As noted above, NHRS also argues that retirement annuities are "fundamentally different from salaries which may be affected by the action of a local governing body. Rather, the amount of a retirement benefit is a formulaic calculation based on two variables, a member's average final compensation and a member's creditable service." In its pleadings below, NHRS used this distinction to argue that because NHRS could not alter the formula, the information sought by Union Leader reveals nothing about the operations of NHRS. Even assuming NHRS has no discretion to alter the calculation of benefits, that is not dispositive of the public's interest in knowing the amount thereof. Public employers contribute to the fund used to pay annuities. See RSA 100-A:16, II (regarding the State annuity accumulation fund). "[K]nowing how a public body is spending taxpayer money in conducting public business is essential to the transparency of government, the very purpose underlying the Right-to-Know Law." Prof'l Firefighters, 159 N.H. at 709, 992 A.2d 582.
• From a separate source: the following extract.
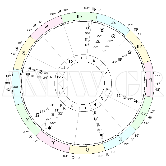 | ΘΕΣΕΙΣ ΠΛΑΝΗΤΩΝ ΑΣΤΡΟΛΟΓΙΚΟΥ ΧΑΡΤΗ ΤΗΣ ΣΤΙΓΜΗΣ ΑΥΤΗΣ | | Πλανήτης | Ζώδιο | Μοίρες | Δεκαήμ. | Σε οίκο | Απόκλιση | | Ακμές των οίκων | Ηλιος | Ζυγός | 08°32' | Πρώτο | 9 | 03 S 23 | | 1ος | 04°35' | Αιγόκερως | Σελήνη | Αιγόκερως | 25°29' | Τρίτο | 1 | 25 S 09 | | 2ος | 12°55' | Υδροχόος | Ερμής | Ζυγός | 21°57' | Τρίτο | 9 | 08 S 42 | | 3ος | 23°09' | Ιχθείς | Αφροδίτη | Παρθένος | 14°40' | Δεύτερο | 8 | 07 N 14 | | 4ος | 26°19' | Κριός | Αρης | Σκορπιός | 06°12' | Πρώτο | 10 | 13 S 40 | | 5ος | 21°56' | Ταύρος | Δίας | Καρκίνος | 22°31' | Τρίτο | 7 | 21 N 34 | | 6ος | 13°28' | Δίδυμοι | Κρόνος | Ιχθείς | 27°51'R | Τρίτο | 3 | 03 S 10 | | 7ος | 04°35' | Καρκίνος | Ουρανός | Δίδυμοι | 01°12'R | Πρώτο | 5 | 20 N 11 | | 8ος | 12°55' | Λέων | Ποσειδώνας | Κριός | 00°32'R | Πρώτο | 3 | 01 S 03 | | 9ος | 23°09' | Παρθένος | Πλούτωνας | Υδροχόος | 01°24'R | Πρώτο | 1 | 23 S 32 | | 10ος | 26°19' | Ζυγός | Β. Δεσμός | Ιχθείς | 17°01' | Δεύτερο | 2 | 05 S 08 | | 11ος | 21°56' | Σκορπιός | Ωροσκόπος | Αιγόκερως | 04°35' | Πρώτο | | | 12ος | 13°28' | Τοξότης | Μεσουράνημα | Ζυγός | 26°19' | Τρίτο | | | |

Our final task is to "balance the public interest in disclosure against the government interest in nondisclosure and the individual's privacy interest in nondisclosure." Lamy, 152 N.H. at 109, 872 A.2d 1006. We bear in mind that "[t]he party resisting disclosure bears a heavy burden to shift the balance toward nondisclosure." N.H. Housing Fin. Auth., 142 N.H. at 554, 705 A.2d 725 (quotation omitted). We have determined that retirees have a privacy interest in their names and benefit amounts, but that interest is comparable to public employees' privacy interest in their names and salaries. The public has an interest both in knowing how public funds are spent and in uncovering corruption and error in the administration of NHRS. In light of these conclusions, our prior decisions compel the result: Having held that a privacy interest on par with that at issue here was outweighed by the public interest in knowing "where and how their tax dollars are spent," we similarly conclude that the disclosure of the information sought here would not constitute an invasion of privacy under RSA 91-A:5, IV. Mans, 112 N.H. at 163, 164, 290 A.2d 866; see Prof'l Firefighters, 159 N.H. at 710, 992 A.2d 582.
Finally, Union Leader seeks reversal of the trial court's denial of its attorney's fees and costs. NHRS counters that Union Leader waived that claim by failing to file a cross-appeal. We agree and will not consider the request. See Appeal of Campaign for Ratepayers' Rights, 162 N.H. 245, 249, 27 A.3d 726 (2011).
Affirmed.
DALIANIS, C.J., and DUGGAN, CONBOY and LYNN, JJ., concurred.